Em seis meses de operação, o Apps for Works já chegou à metade dos 200 mil colaboradores da companhia espalhados pelo mundo. No Brasil, a tecnologia já está sendo usada por todos os 5 mil colaboradores, nos 17 escritórios espalhados pelo país.

Um dos benefícios trazidos pela solução, segundo o diretor, foi o aumento na satisfação dos usuários, redução no volume de mensagens com conteúdos anexados, mais agilidade na hora de encontrar informações e elevação da produtividade.

“Somos uma empresa de consultoria. Não temos produto ou fábrica. Temos pessoas. O que fazemos é usar nossa base de conhecimento para que as pessoas colaborem e melhorem os serviços aos clientes”, cita.

Neves afirma que a adoção do sistema do Google não teve como objetivo a substituição de outras ferramentas. “Nosso foco principal foi a busca por benefícios de negócio”, comenta, afirmando que alguns profissionais, de acordo com a demanda, ainda utilizam tecnologias como IBM Lotus ou Microsoft Office para suas atividades.

O diretor conta que o projeto do Apps for Works considerou análise para identificar como as tecnologias poderiam melhorar processos de negócio, independente do fornecedor. O equilíbrio, indica, passou por um estudo de transformação a fim de compreender como a tecnologia impactaria positivamente no futuro dos negócios.

Aliás, ele observa esse como um fator interessante relativo à evolução no discurso para venda de ferramentas cloud.
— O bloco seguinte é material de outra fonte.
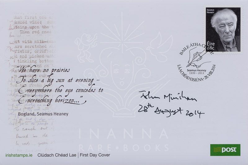 Vintage Photograph on archival paper / Vintage First Day Cover with extra signature by John Minihan. Dublin, 2014. Image of the Photograph: 16 cm x 24 cm / First Day Cover: 18 cm x 12 cm. Overall Framed Size: 79 cm wide x 53,5 cm high. From the personal library of irish photographer John Minihan. Titled and signed by John Minihan. Beautifully framed (see multiple images on our website). Our company knows of an edition of four photographs and signed First Day Covers, which we bought from John Minihan in 2014 and which he signed in 2014. Later, signed First Day Covers are circulating and we have some of those in our archive for sale. But since John Minihan has sold the rights to most of his iconic images to UCC in Cork, none of the photographs are reprinted by the photographer and that makes this combination of the signed Seamus Heaney photograph, combined with the First Day Cover, signed actually on August 28th of 2014, very scarce. We have an edition of 3 (three) left. One is part of the “John Minihan Photography Collection”, which we are selling on our website (see under “Libraries & Collections”) and two are for sale on the free international market. The here offered, beautifully framed version, is one of these two. The price includes free shipping as a framed version within Ireland / The price includes free international shipping per UPS Courier but only unframed (we pay for framing in your home-country) !

Se no passado, havia uma inclinação maior para defender a migração para a nuvem defendendo aspectos e benefícios da tecnologia, agora isso não é mais assim tão válido.

“Quando conversamos com um cliente apresentamos a visão de transformação trazida pelas tecnologias como algo perceptível nos resultados. Os executivos das áreas usuárias saem mais entusiasmados que os CIOs. Na prática, a grande fortaleza é a capacidade de tradução da tecnologia no processo de negócio”, conclui.